Work task ->
Among the entries below, please repeat exactly and only the lines from the line containing "Die Verkündigung an" to the line containing "Bei der Darstellung", both lines included.

Input ->
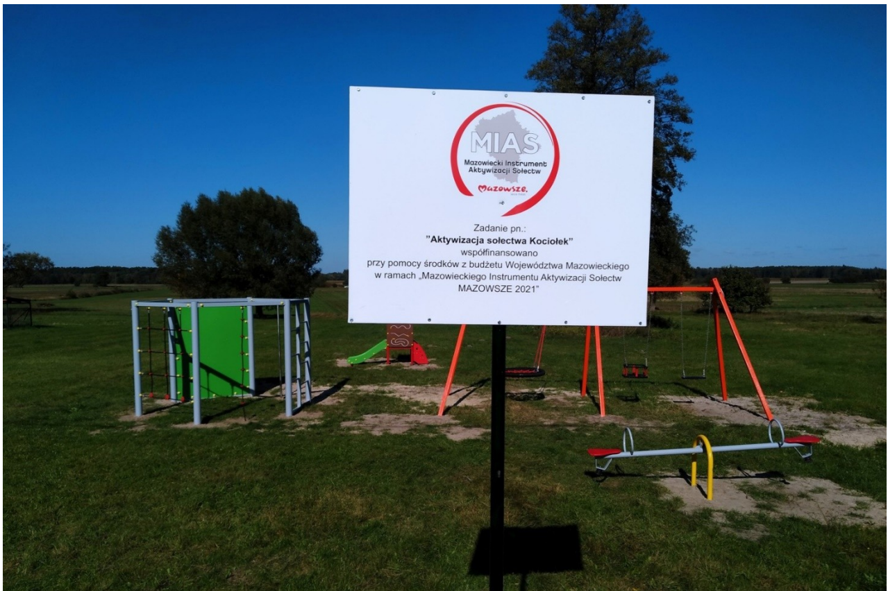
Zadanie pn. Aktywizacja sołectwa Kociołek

---

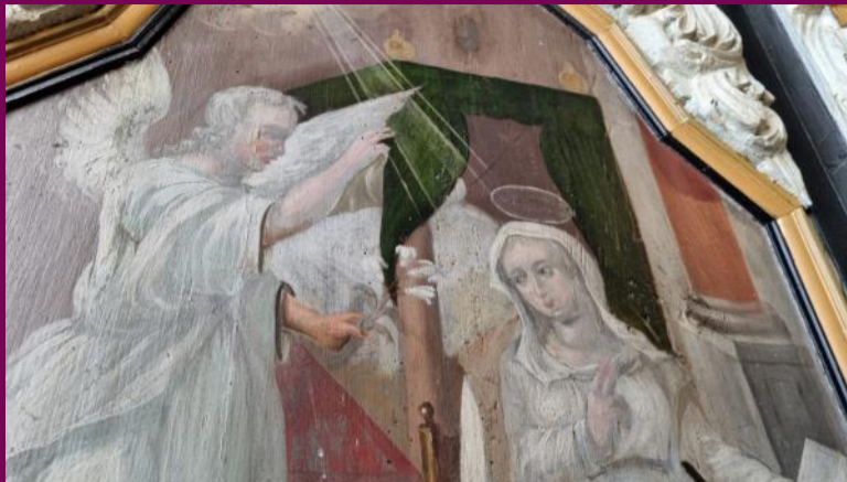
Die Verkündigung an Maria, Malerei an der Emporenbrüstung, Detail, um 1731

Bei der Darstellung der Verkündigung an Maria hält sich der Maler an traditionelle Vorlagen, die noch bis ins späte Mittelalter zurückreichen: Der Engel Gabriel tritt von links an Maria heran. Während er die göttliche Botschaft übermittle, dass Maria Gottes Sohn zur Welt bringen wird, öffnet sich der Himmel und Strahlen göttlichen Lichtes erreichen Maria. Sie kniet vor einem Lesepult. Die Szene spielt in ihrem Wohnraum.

Solution to the exercise ->
Die Verkündigung an Maria, Malerei an der Emporenbrüstung, Detail, um 1731

Bei der Darstellung der Verkündigung an Maria hält sich der Maler an traditionelle Vorlagen, die noch bis ins späte Mittelalter zurückreichen: Der Engel Gabriel tritt von links an Maria heran. Während er die göttliche Botschaft übermittle, dass Maria Gottes Sohn zur Welt bringen wird, öffnet sich der Himmel und Strahlen göttlichen Lichtes erreichen Maria. Sie kniet vor einem Lesepult. Die Szene spielt in ihrem Wohnraum.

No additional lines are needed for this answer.